Тот, кто хорошо знал Пирсона, на этом бы закончил все попытки, но неискушенный Александер тут же стал выкладывать свои соображения относительно того, как им необходимо купить новую аппаратуру для лаборатории серологии.
– Она стоит денег, – раздраженно оборвал его Пирсон.
– Знаю, сэр, но мы работаем вручную, задерживаем анализы, качество их плохое…
Старик даже встал со стула. Александеру бы остановиться, но он продолжал горячо убеждать патологоанатома, как им необходима современная аппаратура, насколько она облегчит труд лаборантов, повысит качество работы отделения. Он сам видел эти прекрасные машины, они делают отличные срезы… Это было уже слишком.
– Довольно! – почти заорал Пирсон, выведенный из себя подобной дерзостью. Он вышел из-за стола и стоял теперь перед Александером. – Запомните раз и навсегда: я главный патологоанатом больницы, и я руковожу этим отделением. Я не против предложений, если они разумны, но советую вам не переходить границы. Понятно?
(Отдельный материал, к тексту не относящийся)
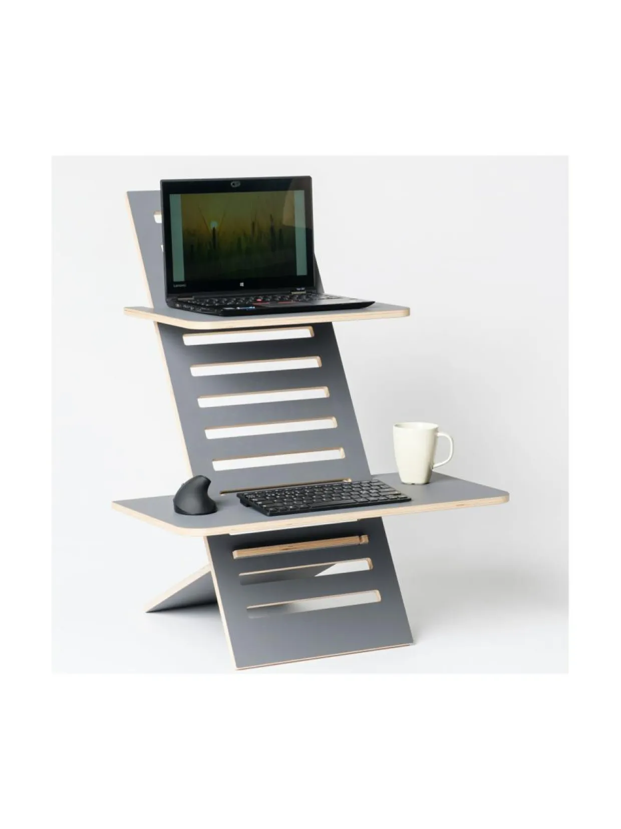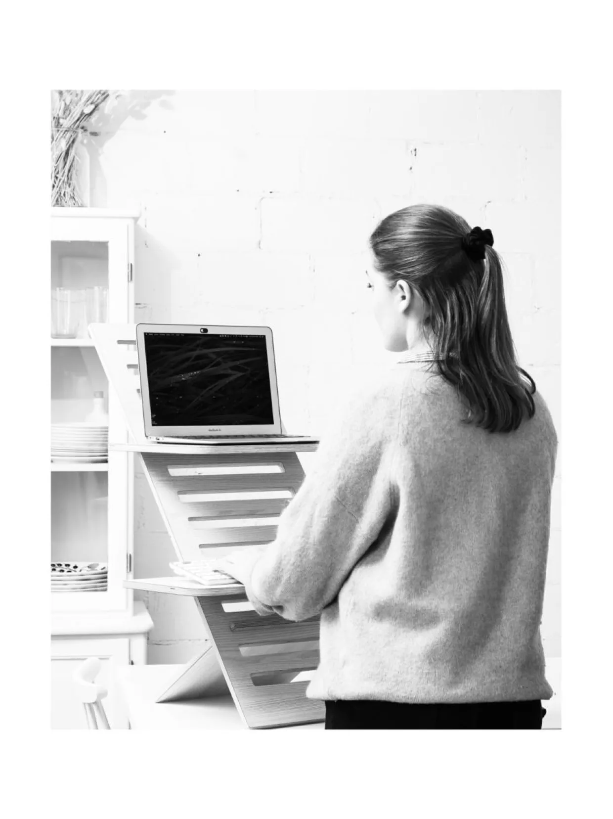 Fiksumpi, ekologisempi ja tehokkaampi tapa työskennellä. Tyylikäs ja ergonominen laptop-teline, valmistettu Suomessa. Säädä korkeutta nopeasti ja helposti; 13 eri korkeuden ansiosta löydät varmasti juuri sinulle sopivan työskentelyasennon! Big Lifterin jalkalevyssä on innovatiivinen patentoitu Puujousi™, joka tekee tuotteen käyttämisestä turvallista ja mukavaa. Neljästä osasta koostuva Hima Big Lifter laptop-teline on helposti kasattava ja siirreltävä. Säädä työskentelykorkeus mieleiseksi nopeasti ja helposti. Yksinkertaisen rakenteen ansiosta tuotteen käyttö on mukavaa sekä tehokasta ja se muuttaa minkä tahansa kiinteän pöydän seisomatasoksi hetkessä! Kantokyky 8 kg/taso. Suomalaista kestävää koivuvaneria, Antrasiitti Anti-fingerprint laminaatti

Обескураженный и расстроенный, Александер вернулся в лабораторию.
Майк Седдонс весь день буквально заставлял себя сосредоточиться на работе. Во время вскрытия Макнил даже сделал ему замечание:
– Вы отхватите себе кусок пальца, Седдонс, если будете так рассеянны.
Мысли его были заняты Вивьен. Почему он так много думает о ней? Хорошенькая, желанная, но ведь Майк Седдонс не желторотый юнец. Девушек он знает. Но в ней есть что-то, что непонятным образом пленило его.
Вернувшись после занятий в общежитие, Вивьен нашла записку Майка. Он просил ее встретиться с ним на четвертом этаже главного здания больницы, у отделения педиатрии, в 9.45 вечера. Вначале она решила, что не пойдет, – как, в случае чего, она объяснит свое пребывание там в столь неурочный час? Но вдруг почувствовала, что ей хочется видеть Майка.